Entre le XVIème et le XVIIème siècles, l’Empire ottoman est à son apogée, et ses institutions les plus prestigieuses fascinent l’Occident. Parmi celles-ci, le harem sultanien, version aboutie et sublimée du harem de l’élite urbaine. Cette institution, puissante et fastueuse, au cœur de l’Empire et de la Cité, subjugue et fait fantasmer le monde entier, quitte souvent à le mythifier…
Toute la science des historiens n’y peut rien : la force des images s’impose aux mots savants. La littérature et la peinture orientaliste nous ont transmis des émotions, des effigies, des symboles, avec une récurrence si forte qu’ils se sont inscrits dans notre subconscient collectif. Comment ne pas admirer la grâce des jeunes femmes nues en train de prendre leur bain, la lascivité des odalisques, affalées nonchalamment dans un décor de luxe, ressentir le confinement des espaces devant la multitude des femmes entassées dans ces intérieurs, et l’oisiveté de leur vie, toute occupée de danses, de réceptions, de détente devant un café ou près d’un narghilé? Comment ne pas anticiper des intrigues pour séduire l’unique homme et maître de cet espace, la noirceur des ambitions, la violence des passions, qui mêlent sexe et pouvoir comme un tout indissociable? Voilà le legs de l’orientalisme, contre lequel il faut, encore et toujours, se battre. Déconstruire, une fois encore, l’illusion.
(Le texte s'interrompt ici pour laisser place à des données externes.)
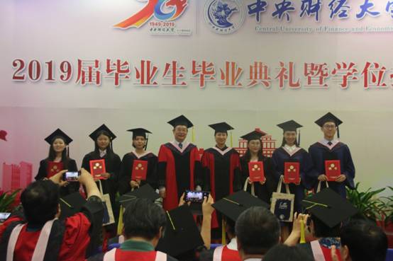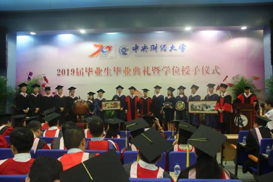 典礼进行第八项,2019届新校友接收仪式。学院推选出六位同学作为校友大使,赵景华院长和吕丽书记向他们颁发大使聘书,并赠送礼包。从此,永利集团3044官网欢迎您2019届毕业生正式加入中财大校友大家庭,永利集团3044官网欢迎您校友总会和80个海内外校友分会也将会成为他们未来发展的另一个家。
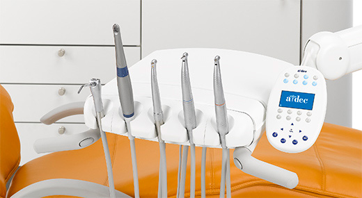 Las unidades dentales de A-dec fueron las primeras unidades en ubicar los instrumentos a una distancia cómoda del dentista sentado. Anteriormente, los dentistas realizaban los procedimientos de pie. La odontología en sillón de la actualidad tiene muchos beneficios ergonómicos y ha extendido la carrera profesional de muchos dentistas.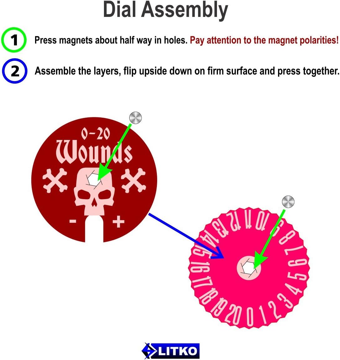 LITKO Wound Dials Wound Dials | Health Tracker | Life Counter | Tabletop Games | Collectible Card Games | Living Card Games | Role Playing Games | LCG | RPG | Numbered 0-20 | Magnetic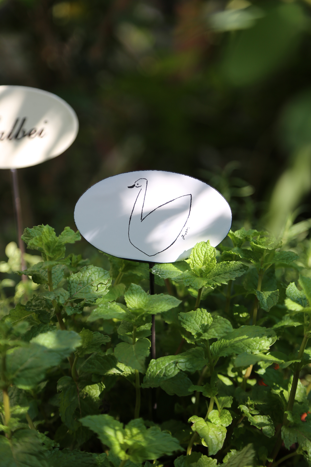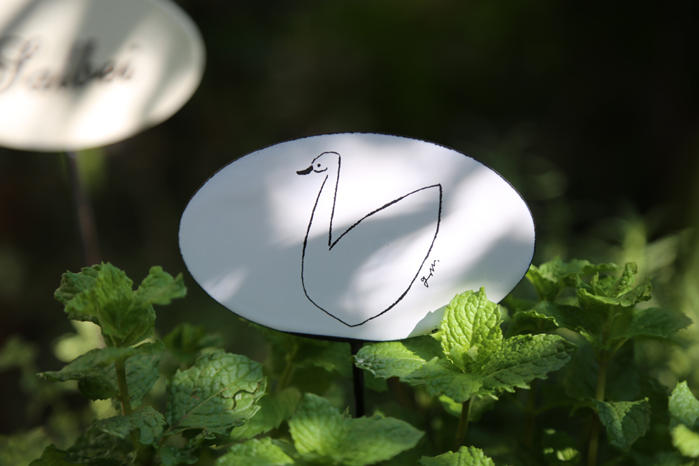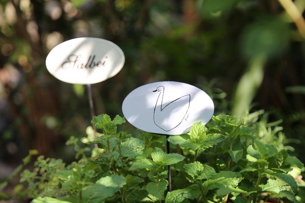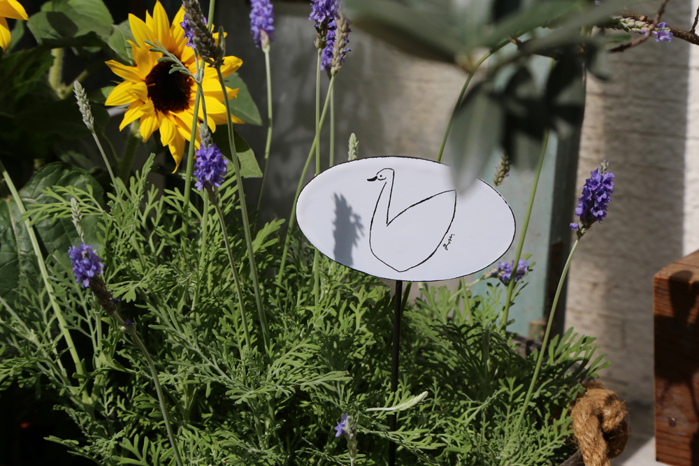橢圓琺瑯花叉空白面可依需求加上文字 插在花盆 或是花園花團都很有味道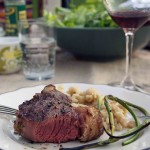 Now, of course, I’ve still had to eat but it’s mostly been a lot of mishmash salads and really simple dinners.  One of my recent favorite simple (and slightly extravagant) dinners was an evening spent on my patio, eating a giant T-bone and a big pot of garlicky Swiss chard and potatoes.  And don’t get me wrong, though the steak was certainly nothing to sneeze at, I think I was actually more upset when I finished my last strand of chard.
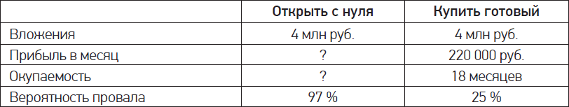 Вероятность успеха выше. И это легко объясняется: если бизнес дошел до продажи, значит, он уже научился генерировать выручку и справляться с проблемами. И если думать не как человек, который хочет открыть свой бизнес любой ценой, то сравнивать бизнес с нуля и готовый нужно так: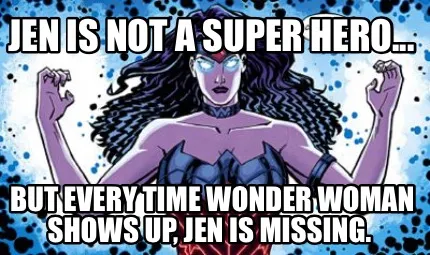 Create Funny Jen is not a super hero... But every time Wonder Woman shows up, Jen is missing. Meme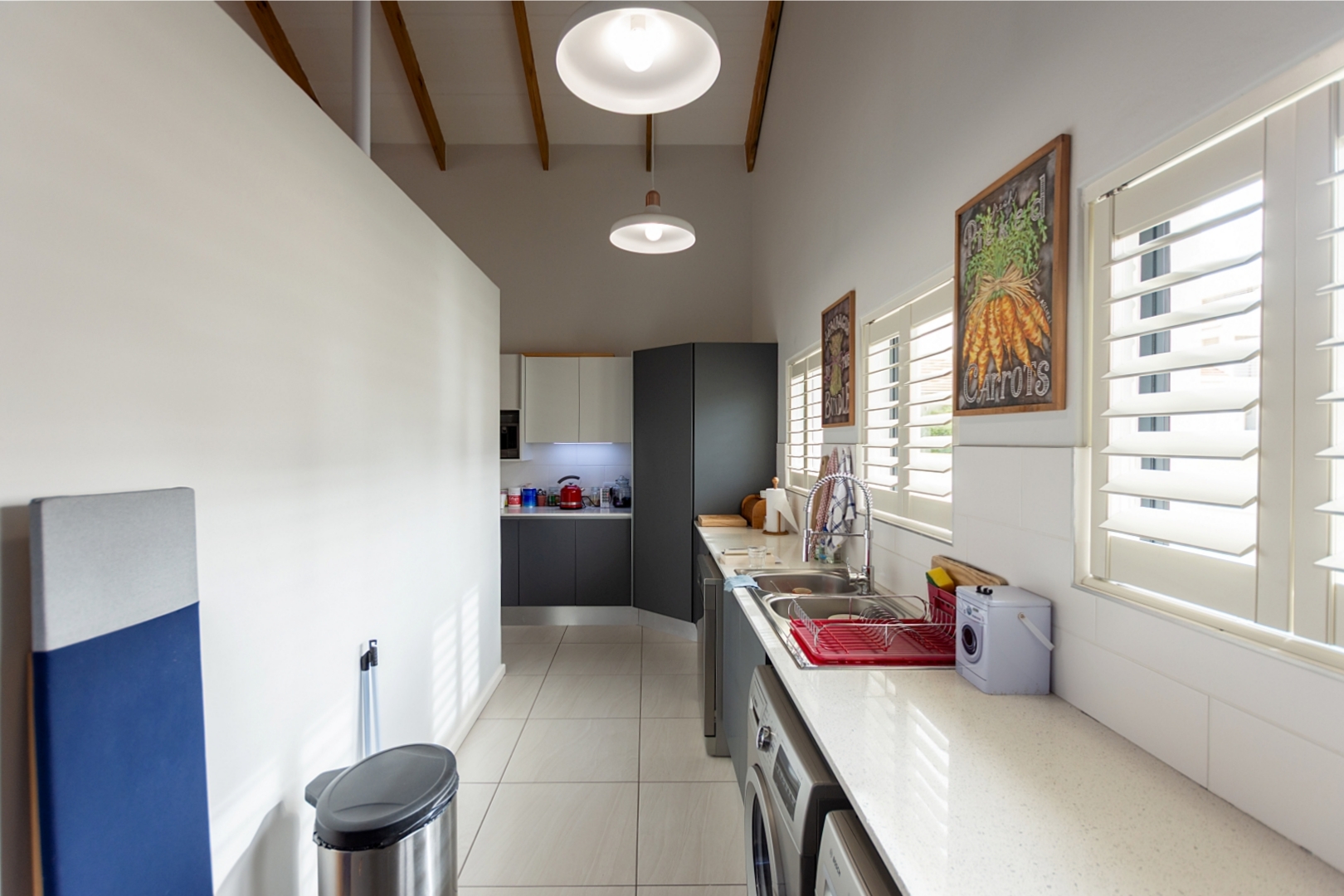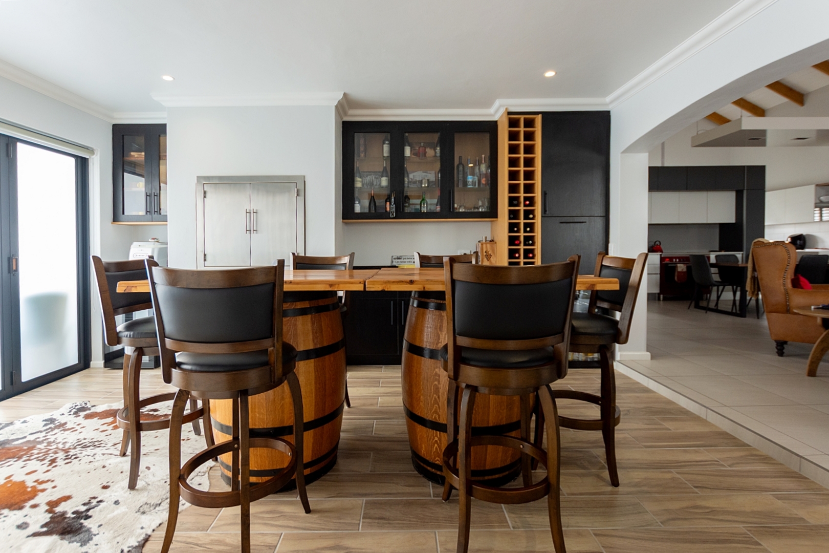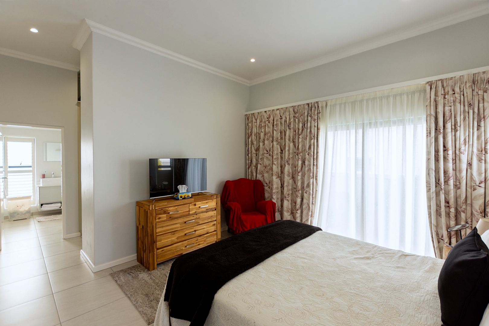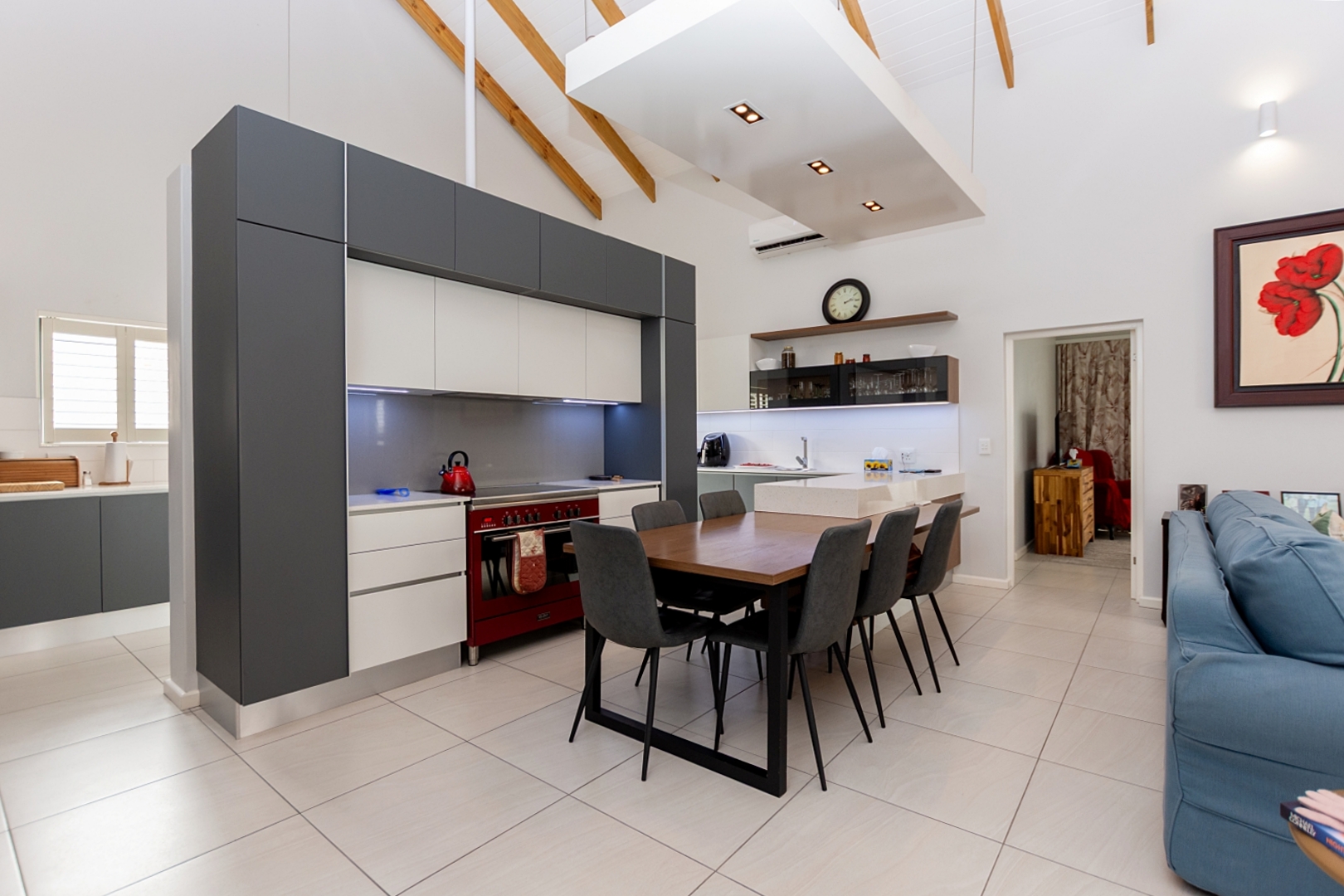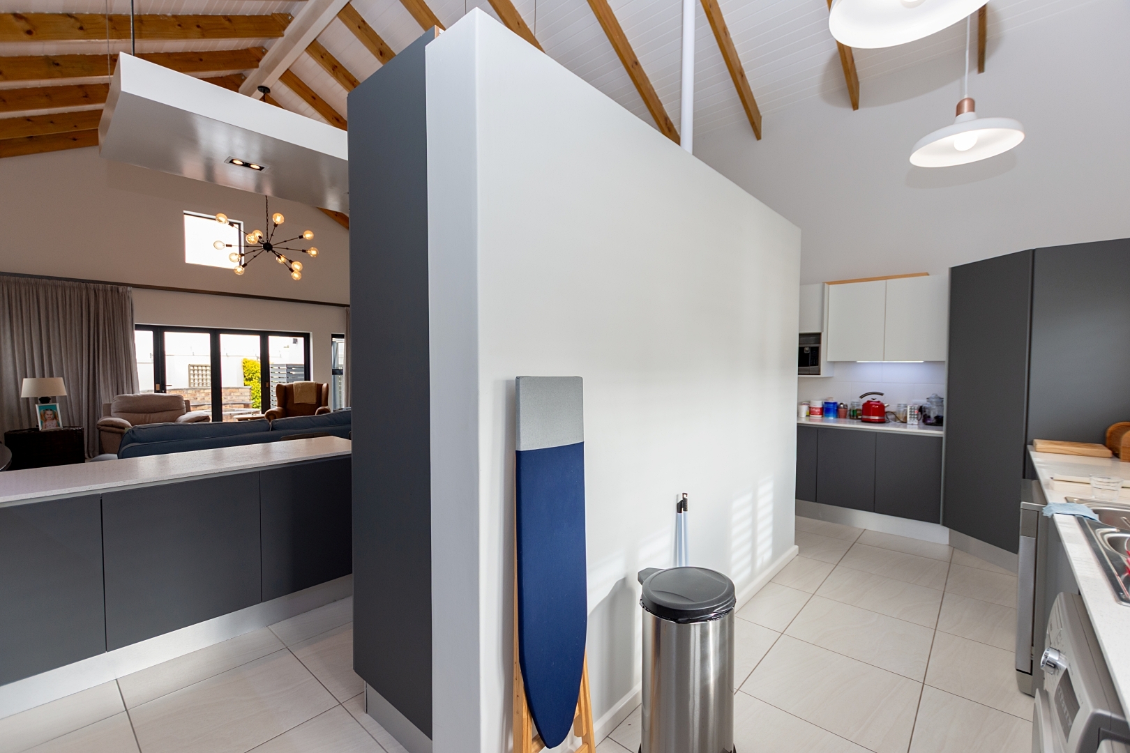 The open-plan lounge and dining area is a true highlight, boasting a stylish layout perfect for entertaining. A modern kitchen complements the space, complete with a scullery and walk-in pantry for extra functionality.

La première illusion est l’islamisation du harem. Celui-ci serait une caractéristique des sociétés musulmanes, l’expression de la séparation des sexes prônée par l’islam… Or, ce n’est ni une invention ni une spécificité de l’islam. Le choix du terme arabe, harem, est coupable de culturaliser un phénomène bien antérieur (de plusieurs millénaires !) à la révélation mohammadienne. Un autre terme, occidental, existe pourtant: le gynécée. Le terme est grec, car la Grèce antique pratiquait la séparation des sexes et enfermait, sans vergogne, ses femmes dans des gynécées, des harems donc. La christianisation du monde méditerranéen ne met d’ailleurs pas un terme à l’existence des gynécées: les Byzantins les reprennent à leur compte.